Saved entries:
>>>

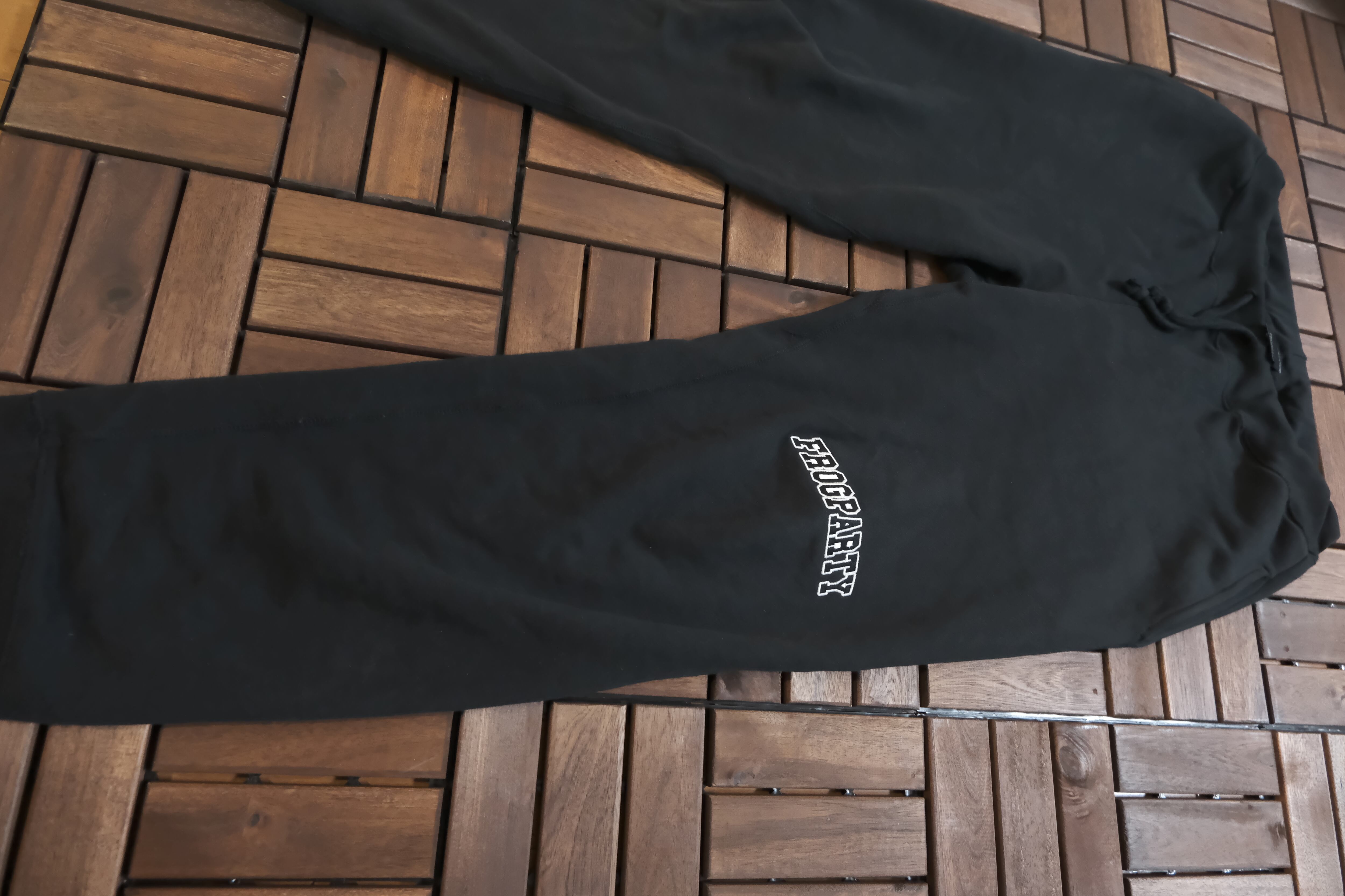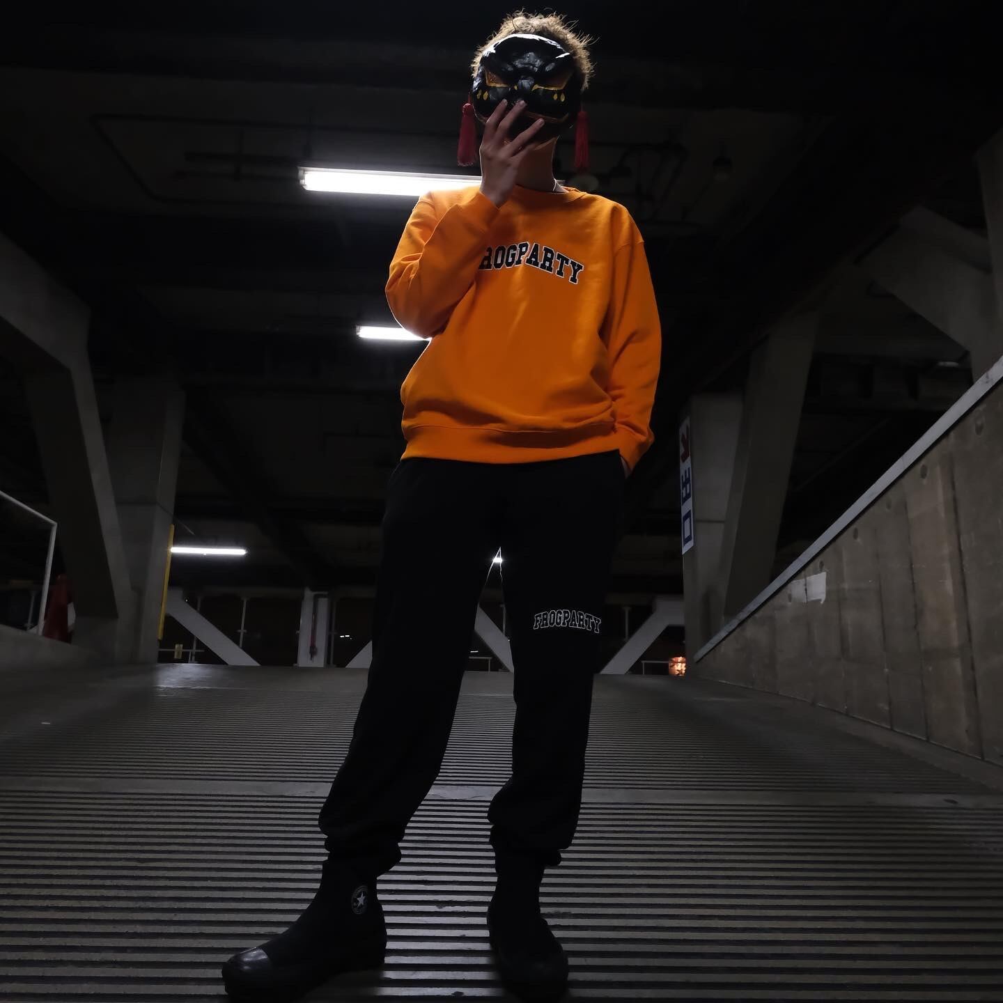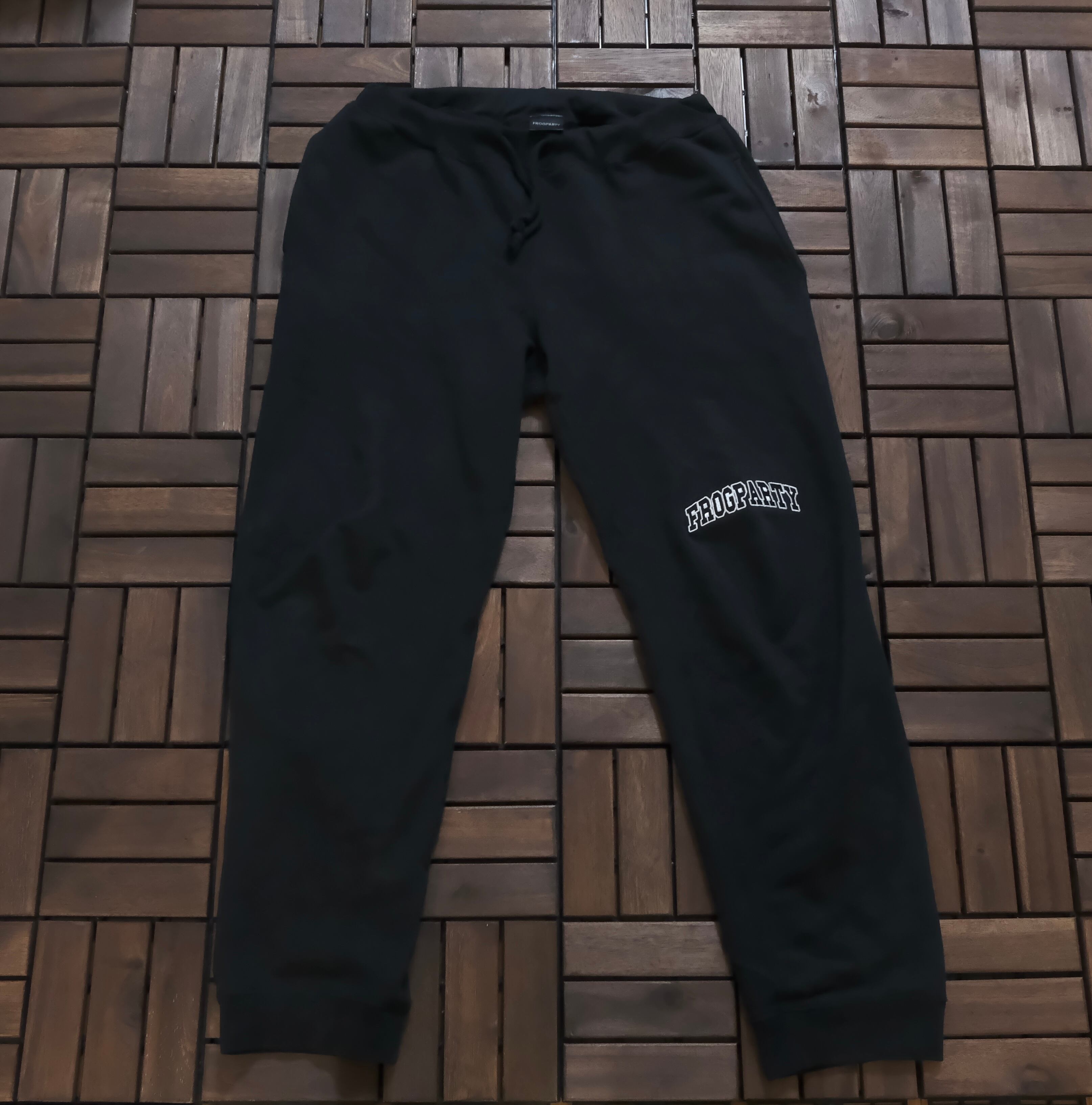 オーバーサイズシルエットの刺繍でカレッジロゴを施したスウェットパンツです。左膝上あたりにロゴの刺繍が来るようデザインされています。
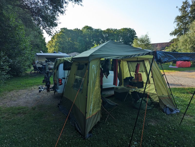 E-Auto mit Zelt geht, aber im Zelt spürt man die Umgebungsbedingungen deutlich mehr als im Van oder Wohnwagen. Schlamm, Regen, laute Nachbarn, man ist allem unmittelbarer ausgeliefert. Schlafen auf dem Luftbett war ok, aber mit dem Bett im Wohnwagen nicht vergleichbar. Taunässe am Morgen war heftig, wegen Bachnähe war die Luftfeuchtigkeit am Morgen hoch. Es hat vom Außenzelt auf das Innenzelt getropft und von da auf die Schlafstatt. Nicht so angenehm. Am kältetesten Tag mit acht Grad gab es unangenehm kalte Finger.
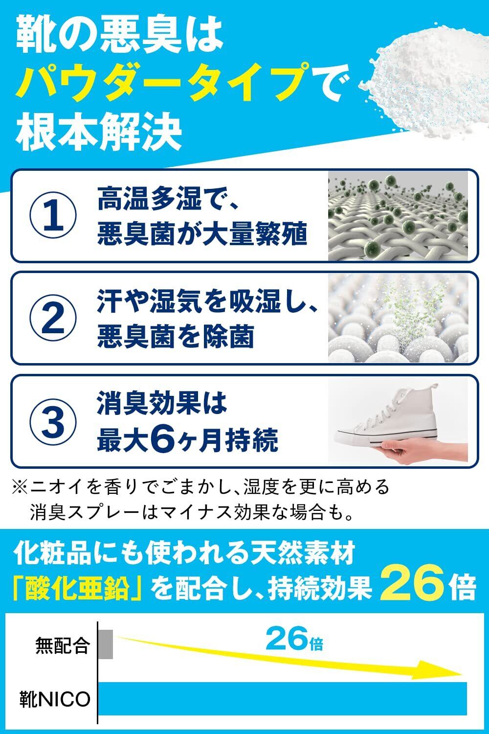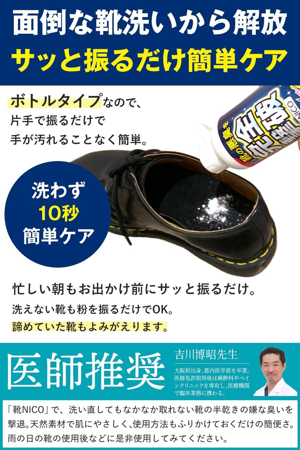 【日本製 大容量80g】靴 消臭【医師推奨】【靴の悪臭菌を99.7%カット】 臭い消し 粉 パウダー 除菌 無香料 フットスクラブ 中敷 最強 靴NICO
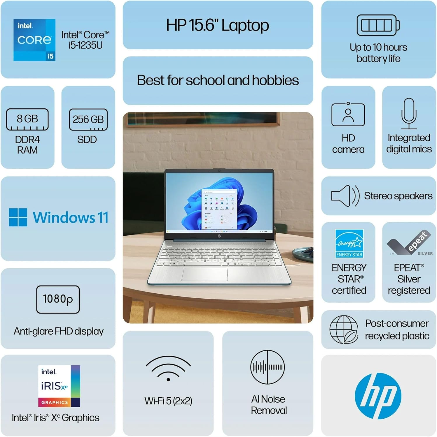 - Processor: 12th Gen Intel 10 Cores i5-1235U (up to 4.4 GHz)
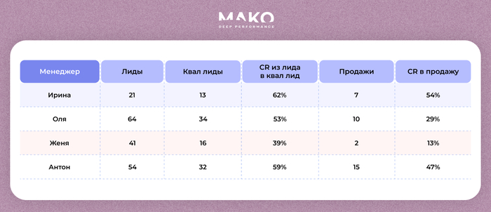 Позже добавили ещё один уровень детализации — вкладку с анализом работы менеджеров. Так стало видно, кто из сотрудников отрабатывает лиды хорошо, а кто «проседает»: выяснилось, что у одного менеджера конверсия в два раза ниже, чем у остальных. Она не дожимала покупателей и не следовала скрипту по обработке лидов.
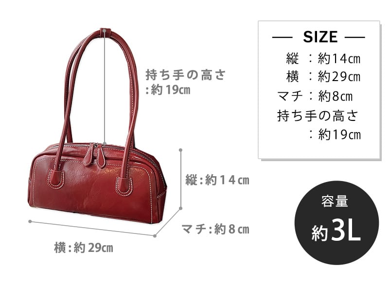 長めのバッグハンドルで肩に掛けやすい。
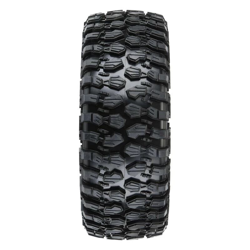 The highly detailed connected tread on the sidewall of the Hyrax extends out for added scale realism and sidewall rigidity to help prevent traction rolls. The Hyrax is made from the same G8 compound as the 1.9″ crawler tires, so you know it provides the performance and durability that you can depend on. This tire will fit directly onto the stock 2.9″ SCX6 bead-loc wheel. Don’t get left behind, take your adventure to the next level with Pro-Line’s Hyrax tires!
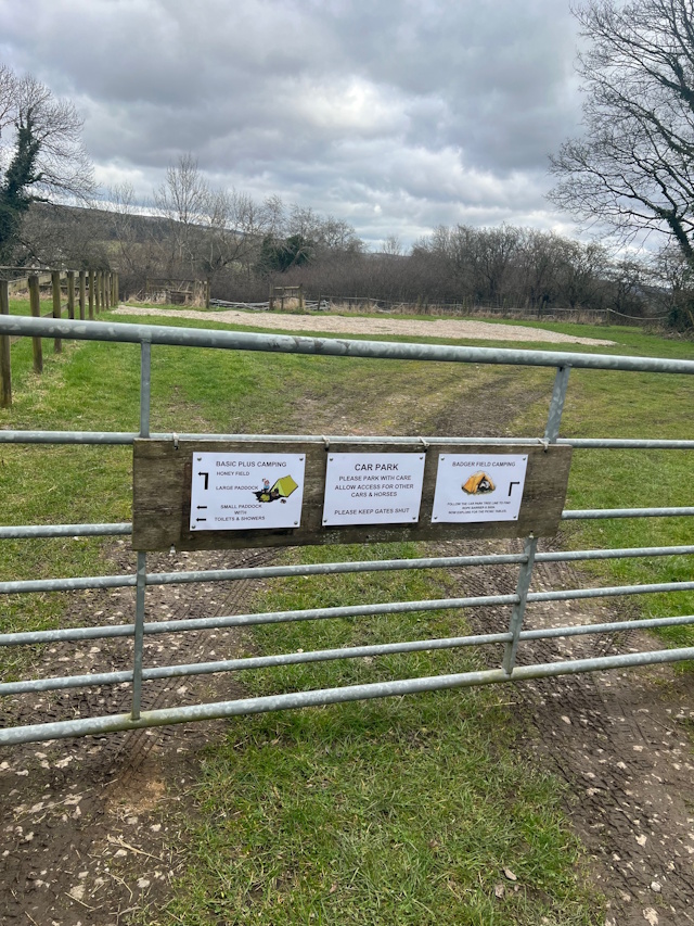 Our car park gate sign points you to the left for Basic Camping in the Small Paddock, Large Paddock & Honey Field. The more expensive Badger Field is to the right. Please do NOT confuse the two.
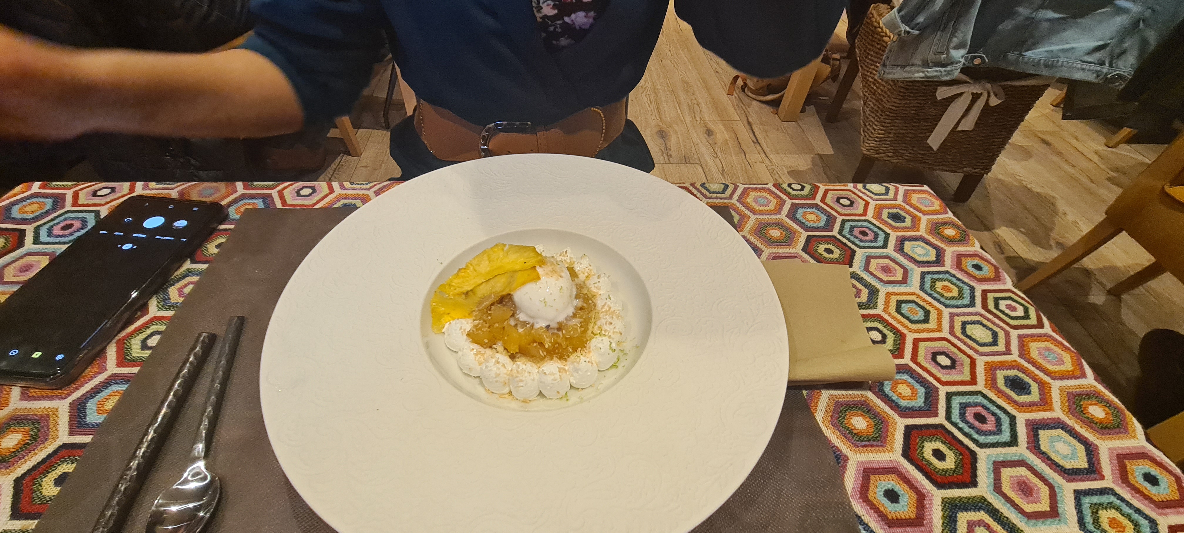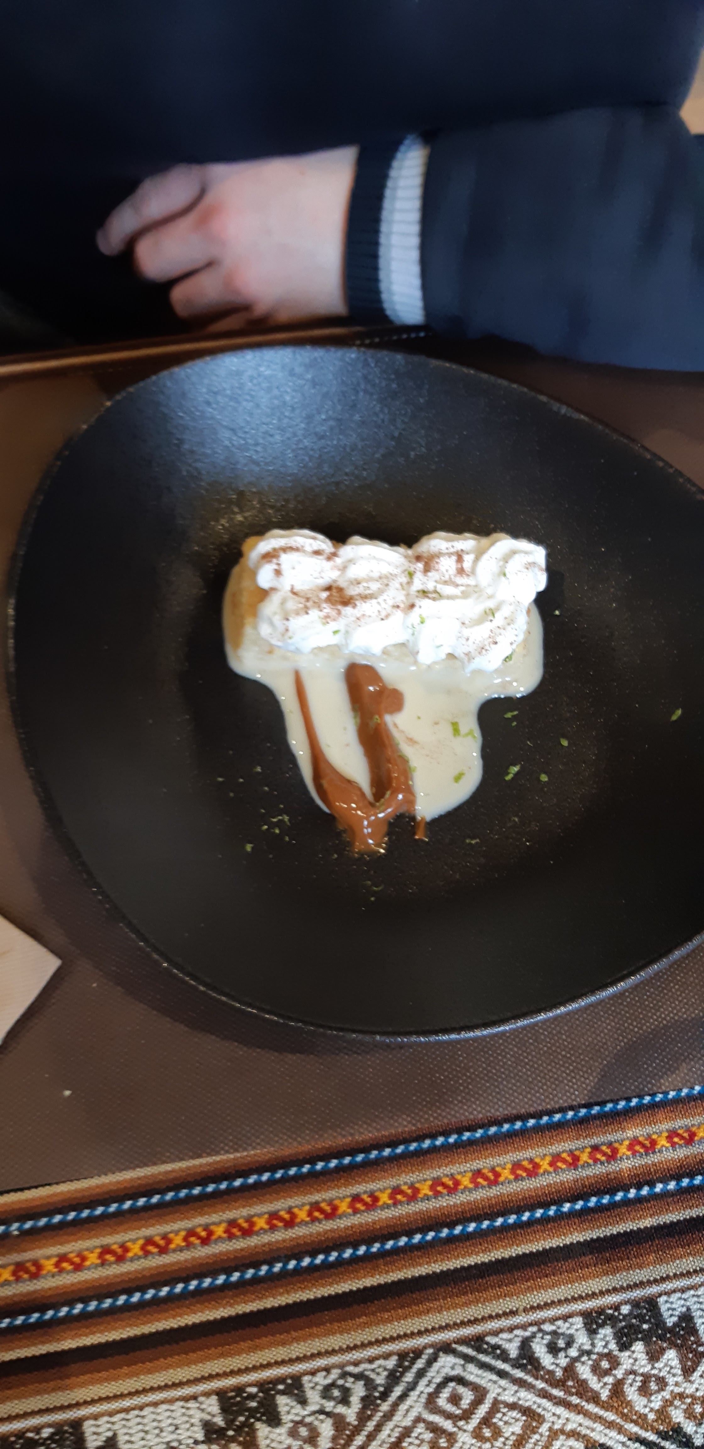 Dès l'entrée on a l'impression de voyager, la déco est superbe et la chef de salle est très souriante, blagueuse et très sympathique. Nous y sommes allé pour déjeuner un jeudi midi et nous avons pris le menu du jour entrée/plat/dessert pour 16 euros. Que des plats bien spécifiques du Pérou, des saveurs particulières qui nous font voyager, de l'entrée au dessert. A la carte, compter environ entre 7 et 11 euros pour l'entrée, entre 13 et 20 euros pour le plat. Pas excessivement cher pour une cuisine traditionnelle du Pérou dans notre campagne iseroise ! Je recommande vivement et j'y retournerai sans faute ! En photo notre dessert du jour feuilleté poire cannelle, glace noisette et coulis passion
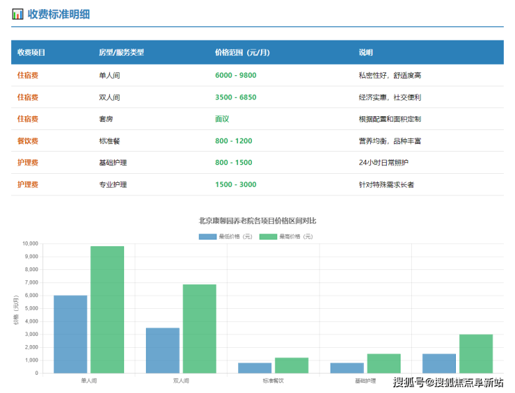 康馨园养老院采用"基础费用+护理等级+增值服务"三级计费模式,月均费用区间为3000元至9800元。基础费用涵盖床位费、餐饮费及基础护理费,按房型差异化定价:
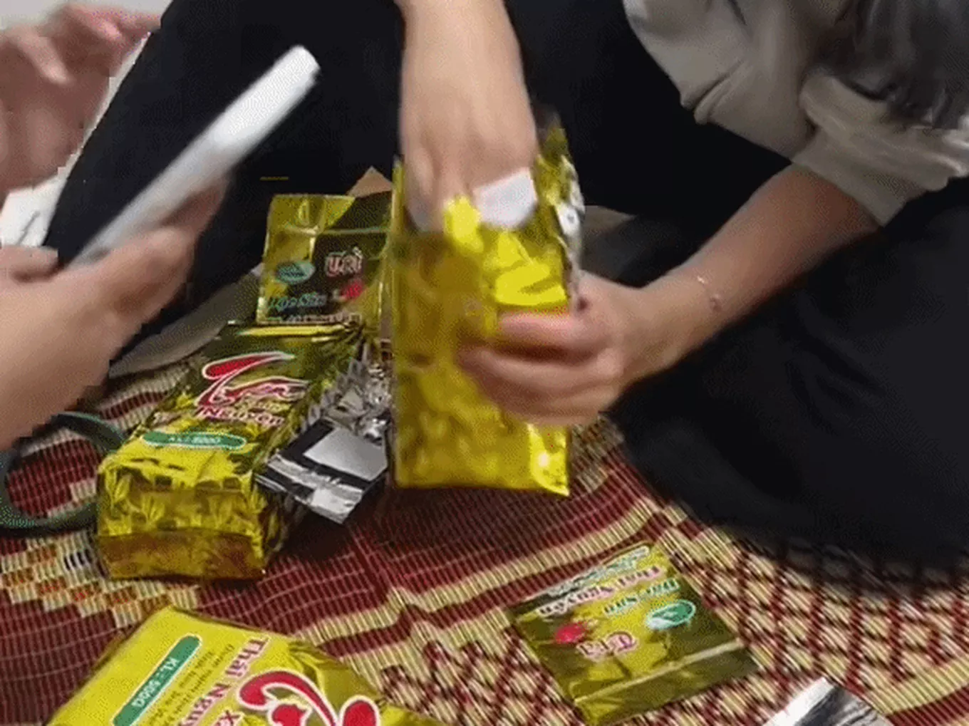 Thoạt nhìn, món đồ được đóng kín nên nếu quan sát bằng mắt thường sẽ không khác gì những túi trà xanh. Tuy nhiên, sau khi cắt phần bao bì, chiếc bánh chưng ở bên trong sẽ lộ diện.

<<<

Leaving out every picture, repeat exactly the lines of the records from the start through the line that has "Our car park".

#### Written solution
 オーバーサイズシルエットの刺繍でカレッジロゴを施したスウェットパンツです。左膝上あたりにロゴの刺繍が来るようデザインされています。
 E-Auto mit Zelt geht, aber im Zelt spürt man die Umgebungsbedingungen deutlich mehr als im Van oder Wohnwagen. Schlamm, Regen, laute Nachbarn, man ist allem unmittelbarer ausgeliefert. Schlafen auf dem Luftbett war ok, aber mit dem Bett im Wohnwagen nicht vergleichbar. Taunässe am Morgen war heftig, wegen Bachnähe war die Luftfeuchtigkeit am Morgen hoch. Es hat vom Außenzelt auf das Innenzelt getropft und von da auf die Schlafstatt. Nicht so angenehm. Am kältetesten Tag mit acht Grad gab es unangenehm kalte Finger.
 【日本製 大容量80g】靴 消臭【医師推奨】【靴の悪臭菌を99.7%カット】 臭い消し 粉 パウダー 除菌 無香料 フットスクラブ 中敷 最強 靴NICO
 - Processor: 12th Gen Intel 10 Cores i5-1235U (up to 4.4 GHz)
 Позже добавили ещё один уровень детализации — вкладку с анализом работы менеджеров. Так стало видно, кто из сотрудников отрабатывает лиды хорошо, а кто «проседает»: выяснилось, что у одного менеджера конверсия в два раза ниже, чем у остальных. Она не дожимала покупателей и не следовала скрипту по обработке лидов.
 長めのバッグハンドルで肩に掛けやすい。
 The highly detailed connected tread on the sidewall of the Hyrax extends out for added scale realism and sidewall rigidity to help prevent traction rolls. The Hyrax is made from the same G8 compound as the 1.9″ crawler tires, so you know it provides the performance and durability that you can depend on. This tire will fit directly onto the stock 2.9″ SCX6 bead-loc wheel. Don’t get left behind, take your adventure to the next level with Pro-Line’s Hyrax tires!
 Our car park gate sign points you to the left for Basic Camping in the Small Paddock, Large Paddock & Honey Field. The more expensive Badger Field is to the right. Please do NOT confuse the two.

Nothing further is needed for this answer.